> [Task item]: Print out all of the records exactly; no picture belongs in the result.

*-*-*

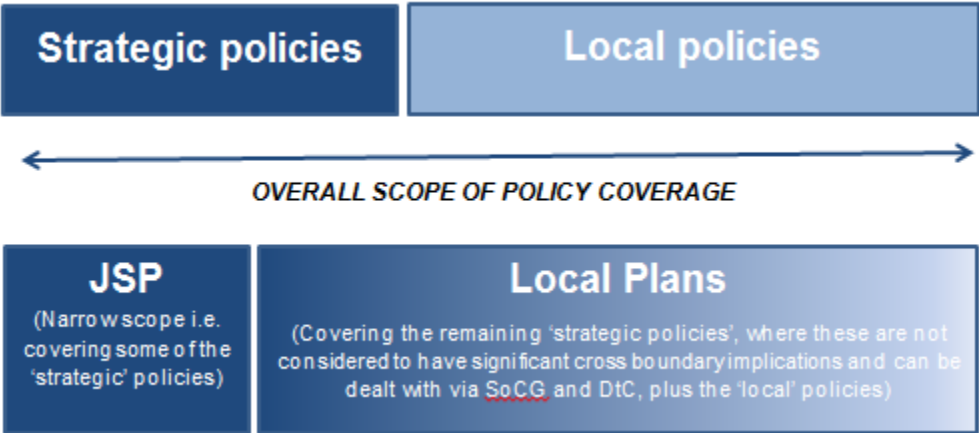
Figure 3: Relationship between the South West Herts JSP and Local Plans

4.37 Each council will continue to be responsible for preparing its own Local Plan, but the JSP will also provide the platform to consider how the challenges of growth in the wider South-West Hertfordshire area can be addressed longer term (i.e. to 2050). Figure 4 below illustrates how these two key planning documents will fit together.
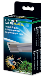
JBL LED SOLAR Hanging

Rope hanging fixture for JBL LED SOLAR lights
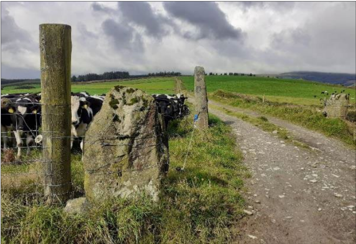
Plate 14-11: View of large upright stones in use as gate/fence posts in the vicinity of stone row (C0049-020----). No works are proposed at this location
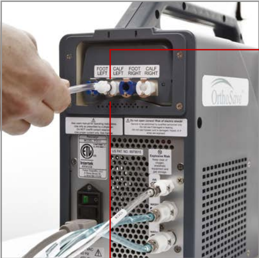
STEP 3 Connect a single DVT wrap to D CALF LEFT
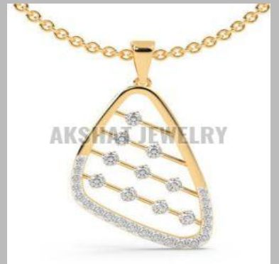
Stylish Diamond Pendant
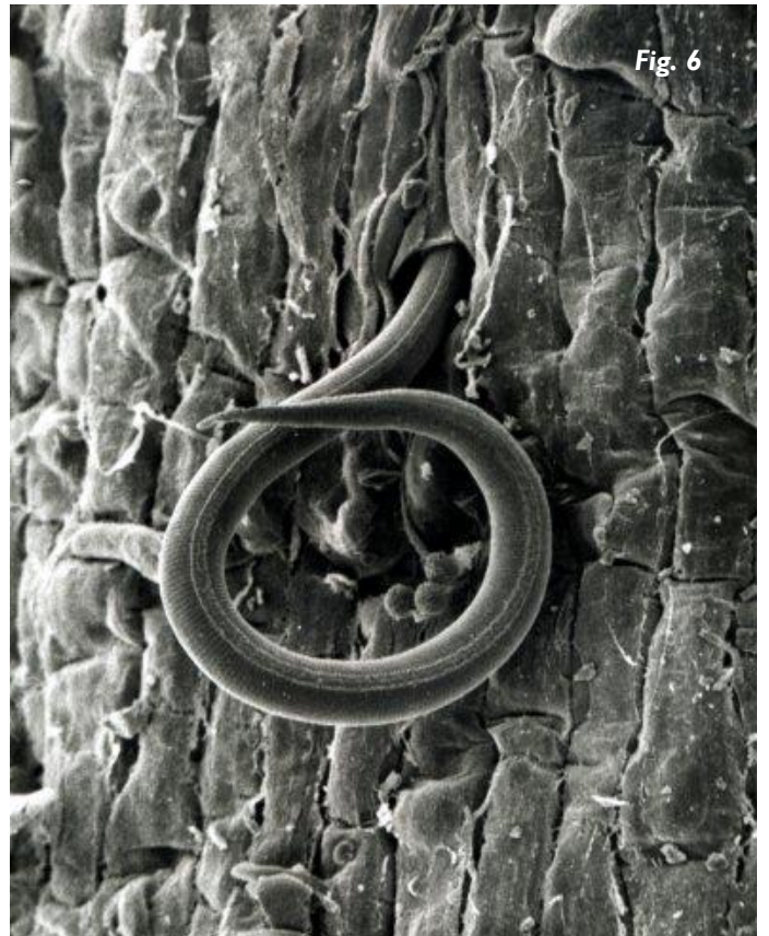
Whip like larva of root-knot nematode, magnified 500 times, shown here penetrating a tomato root. Once inside, the larva establishes a feeding site, which causes a nutrient-robbing gall.

feed on the outside and inside of susceptible plant roots (Figure 6).
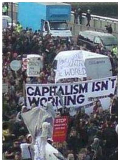
Put People First, March 28, 2009

The events at Geneva have highlighted the fact that Britain, the US and their allies have adopted the most reactionary and hypocritical positions just as they did at the UN Conference in 2001. They are the defenders of all that is most backward in the world and the most zealous supporters of Zionist Israel. It is they who stand exposed and condemned by world opinion and by all democratic people.

*-*-*

> [Written solution]:
Figure 3: Relationship between the South West Herts JSP and Local Plans

4.37 Each council will continue to be responsible for preparing its own Local Plan, but the JSP will also provide the platform to consider how the challenges of growth in the wider South-West Hertfordshire area can be addressed longer term (i.e. to 2050). Figure 4 below illustrates how these two key planning documents will fit together.
JBL LED SOLAR Hanging

Rope hanging fixture for JBL LED SOLAR lights
Plate 14-11: View of large upright stones in use as gate/fence posts in the vicinity of stone row (C0049-020----). No works are proposed at this location
STEP 3 Connect a single DVT wrap to D CALF LEFT
Stylish Diamond Pendant
Whip like larva of root-knot nematode, magnified 500 times, shown here penetrating a tomato root. Once inside, the larva establishes a feeding site, which causes a nutrient-robbing gall.

feed on the outside and inside of susceptible plant roots (Figure 6).
Put People First, March 28, 2009

The events at Geneva have highlighted the fact that Britain, the US and their allies have adopted the most reactionary and hypocritical positions just as they did at the UN Conference in 2001. They are the defenders of all that is most backward in the world and the most zealous supporters of Zionist Israel. It is they who stand exposed and condemned by world opinion and by all democratic people.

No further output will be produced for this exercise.